Seorang wanita membisikkan sesuatu di telinga lelaki itu, dan lelaki itu tampak tergelak mendengarnya seraya menoleh ke arah perempuan tersebut yang berdiri tepat di belakangnya.
Dan tanpa sengaja pandangannya tertumbuk pada sosok gadis manis di ambang pintu yang tengah menatap mereka dengan nanar.
"Vanya.." gumam si lelaki lirih sesaat sebelum gadis itu beranjak dari tempatnya berdiri. Keduanya tampak begitu terkejut menatap satu sama lain.
"siapa?" tanya si perempuan heran. Ia menoleh ke belakang, dan tak ada siapapun di sana.
"mm.. jangan begini ya, aku ga enak dengan karyawanku.." ucap Rezzy kikuk seraya melepaskan pelukan Naira dari tubuhnya.
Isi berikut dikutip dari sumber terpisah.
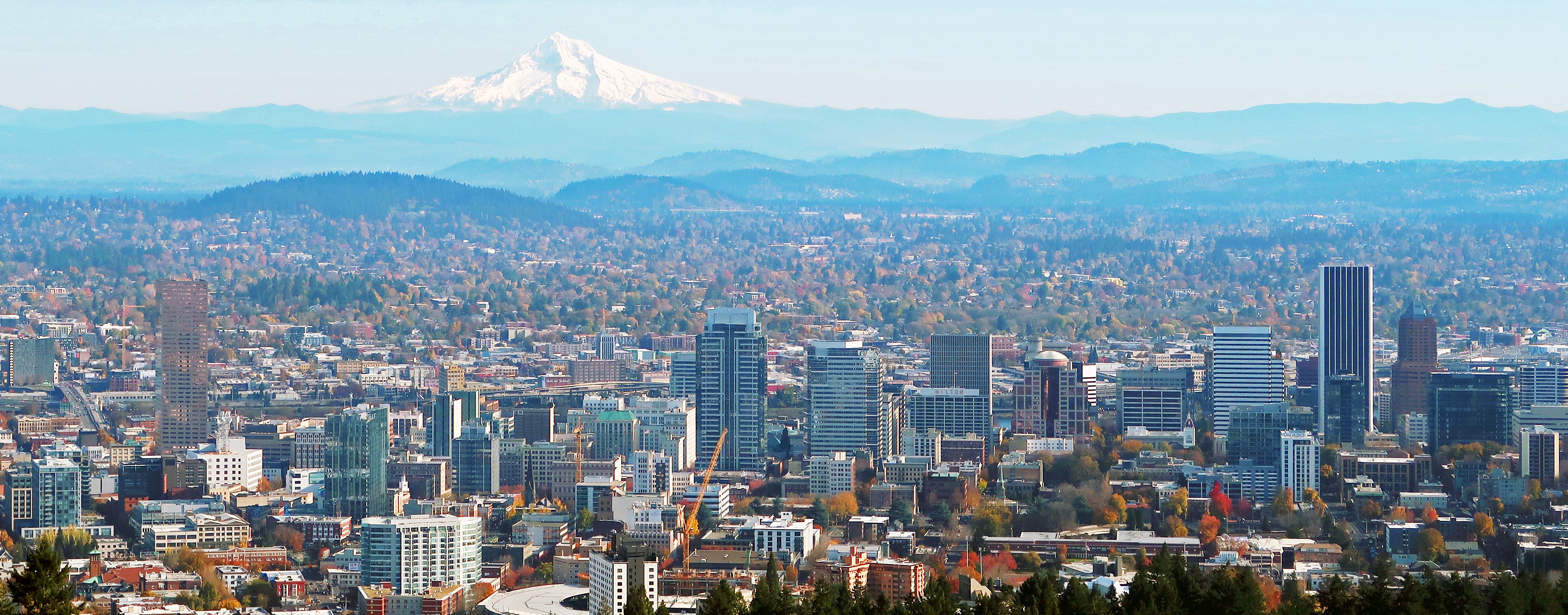 The skyline of downtown Portland and Mt. Hood as seen from Pittock Mansion.

"Oh.. Sekretaris baru kamu ya? hihi.. dia pasti terkejut dan merasa tak enak melihat kita. Baiklah, kalau begitu aku pergi dulu ya sayang.. Sampai jumpa nanti malam.." ucap Naira ceria seraya mengecup pipi lelaki yang sangat ia rindukan itu.
Selepas kepergian Naira, Rezzy segera mencari keberadaan Vanya. Di toilet, di pantry dan di ruang Creative. Tapi hasilnya nihil. Ia tak tahu tempat mana lagi yang harus ia kunjungi untuk menemukan Vanya. Padahal mobilnya masih terparkir di pelataran parkir. Pasti saat ini ia begitu terpukul dan kecewa padanya.
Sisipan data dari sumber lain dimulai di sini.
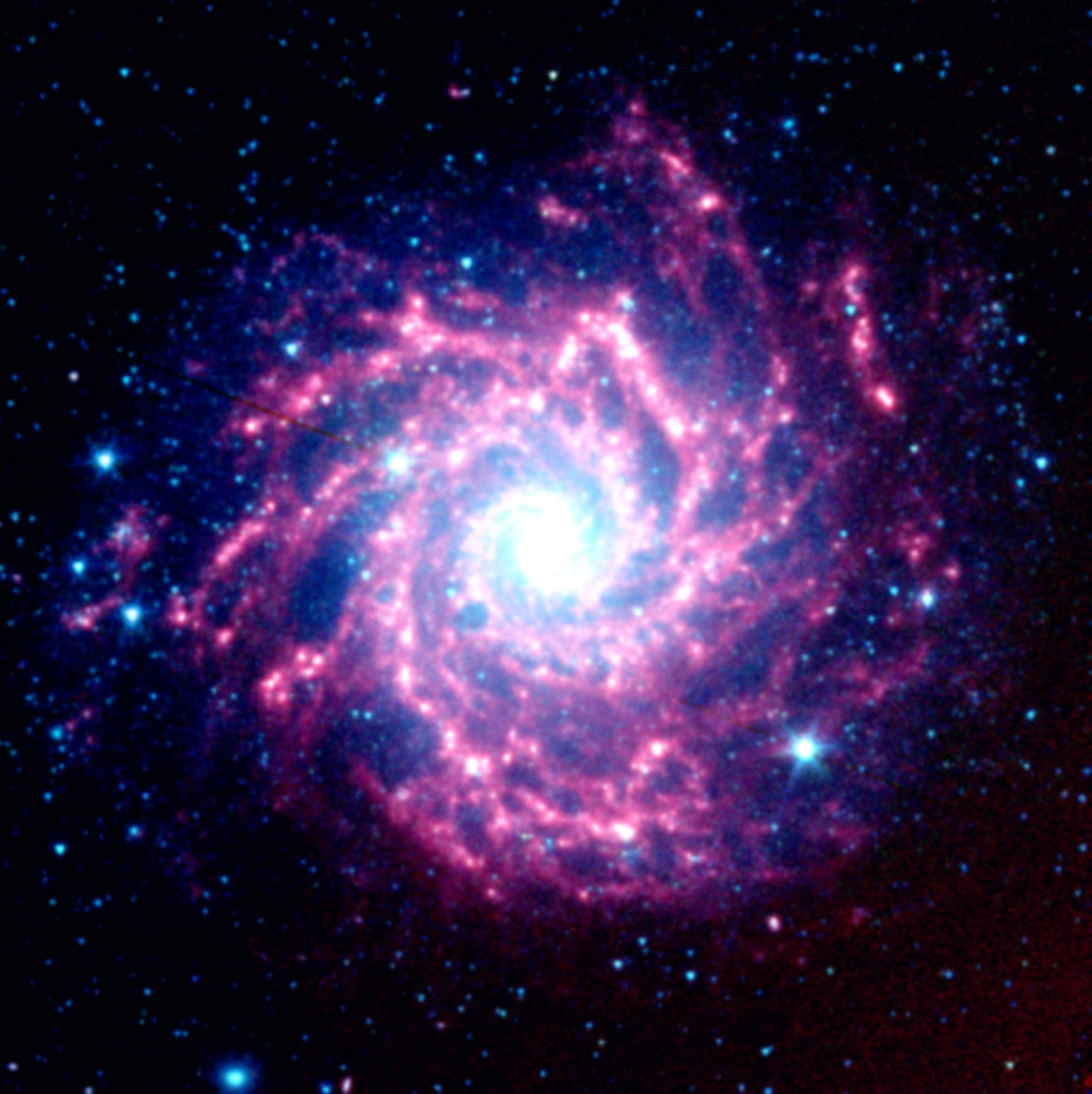 Astronomers using NASA's Spitzer Space Telescope have created this infrared image of the spiral galaxy M74, as seen by Spitzer's Infrared Array Camera. The blue dots represent hot gas and stars. The galaxy's cool dust is shown in red. The image is a false-color, infrared composite, in which 3.6-micron light is blue, 4.5-micron light is green, and 8-micron light is red.

"Vanya.. maafkan aku, Vanya.." gumam Rezzy frustasi seraya meremas rambutnya.
"Van.. loh? Vanya mau ke mana?" ucap Bruno bingung saat menatap Vanya terus berjalan tanpa menoleh, melewatinya begitu saja. Ia yang tengah memantau proses produksi di lantai 5 tentu saja sedikit bingung menatap Vanya yang terus saja berjalan ke ujung lorong kosong, tempat sebuah tangga kecil berdiri kokoh, menjulang menuju rooftop.
Perlahan Bruno mulai mengikuti langkah gontai Vanya ke arah atap gedung. Tepat ketika ia menginjakkan kakinya di puncak anak tangga, ia dapat mendengar suara tangisan keras seorang gadis yang tak ia ragukan lagi identitasnya.
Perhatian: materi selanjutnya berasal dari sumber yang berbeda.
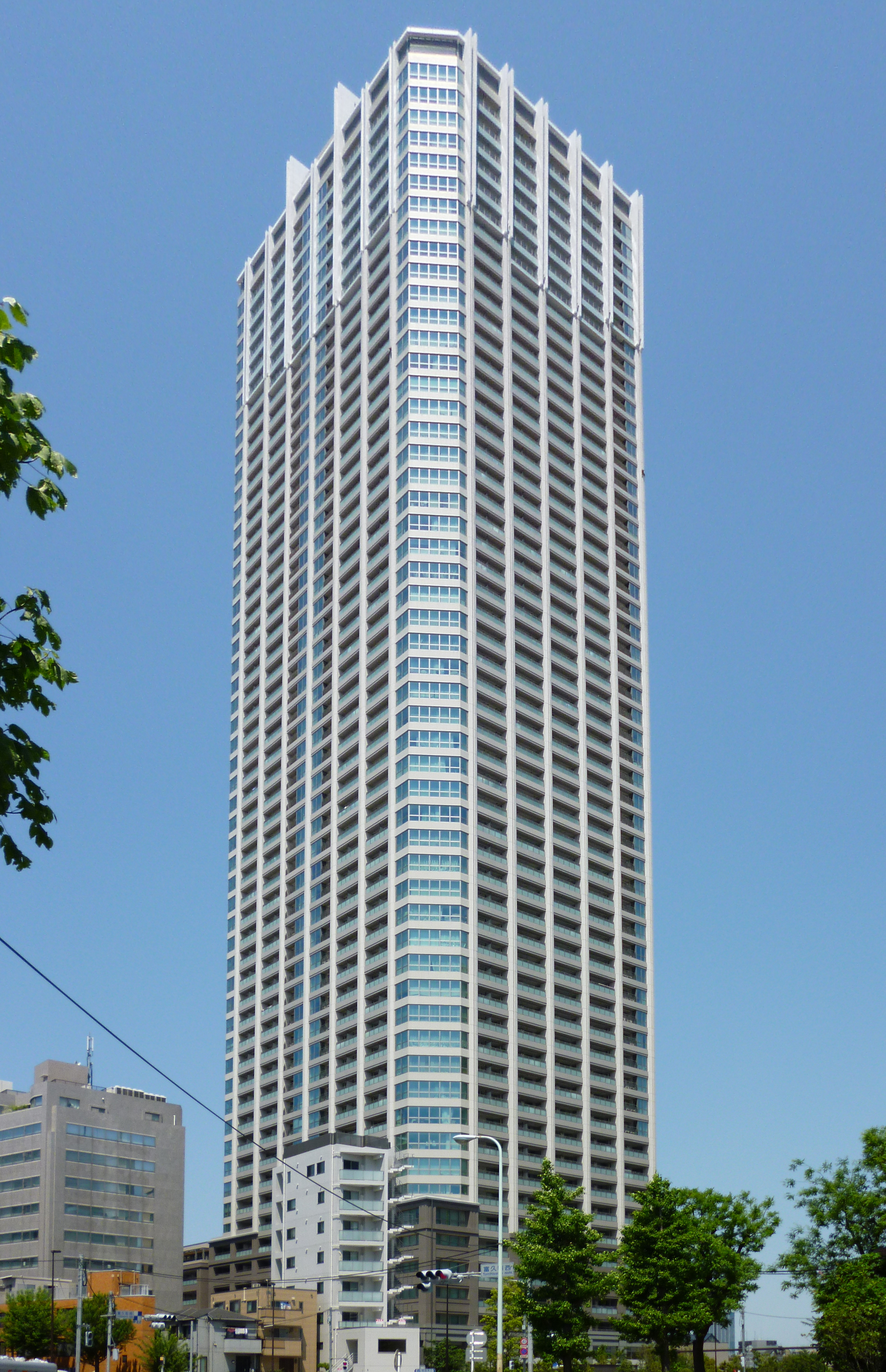 Tomihisa Cross Comfort Tower in Shinjuku, Tokyo, Japan.

"kau, bodoh! kau bodoh, Vanya! Sejak awal kamu sudah tahu akan jadi begini! Sejak awal kamu sudah kuperingatkan akan hal ini! Tapi mengapa kamu masih saja menangis? Seharusnya kamu sudah siap menanggung segala resiko jika kamu sudah mengambil keputusan ini. Bodoh! Kamu bodoh, Vanya.. hu.. hu..hu.." Terdengar isak tangis memilukan yang begitu panjang setelahnya, Rasanya ia begitu tak tega mendengarnya, tapi ia tak ingin kehadirannya justru mengganggu Vanya yang tampak sedang meluapkan emosinya.
"Aku memang bodoh.. bodoh.. hiks.. hiks.. Tapi.. Mengapa ia tega membodohiku begini.. Mengapa ia tega mencampakkanku begini.. Mengapa ia tega membuangku begitu saja.. hiks hiks.."
Bruno merasa begitu kasihan dan tak tega mendengar tangisan temannya yang satu itu. Gadis yang biasa begitu ceria itu kini menangis tersedu-sedu sendirian di atas gedung kantornya..
Kemudian Bruno memutuskan untuk turun kembali ke lantai lima, tak ingin mengganggu Vanya. Dan betapa terkejutnya ia karna ketika ia membalikkan tubuhnya, ternyata ada seorang lelaki yang berdiri tepat di belakangnya!
"HAH!" teriak Bruno terkejut menatap sosok Ega yang entah sejak kapan berdiri di belakangnya.
"HUSH! Jangan berisik, nanti ketahuan.." bisik Ega seraya membungkam sahabat baiknya itu.
"elo sih, ngagetin aja!" omel Bruno dengan bisikan.
"iya, gue penasaran lo kenapa tiba-tiba naik ke atas. Emang siapa yang nangis?" tanya Ega penasaran.
"Ah.. Kepo banget sih lo.. Mau tahu aja urusan perempuan!" ucap Bruno cuek seraya berjalan melewati Ega begitu saja.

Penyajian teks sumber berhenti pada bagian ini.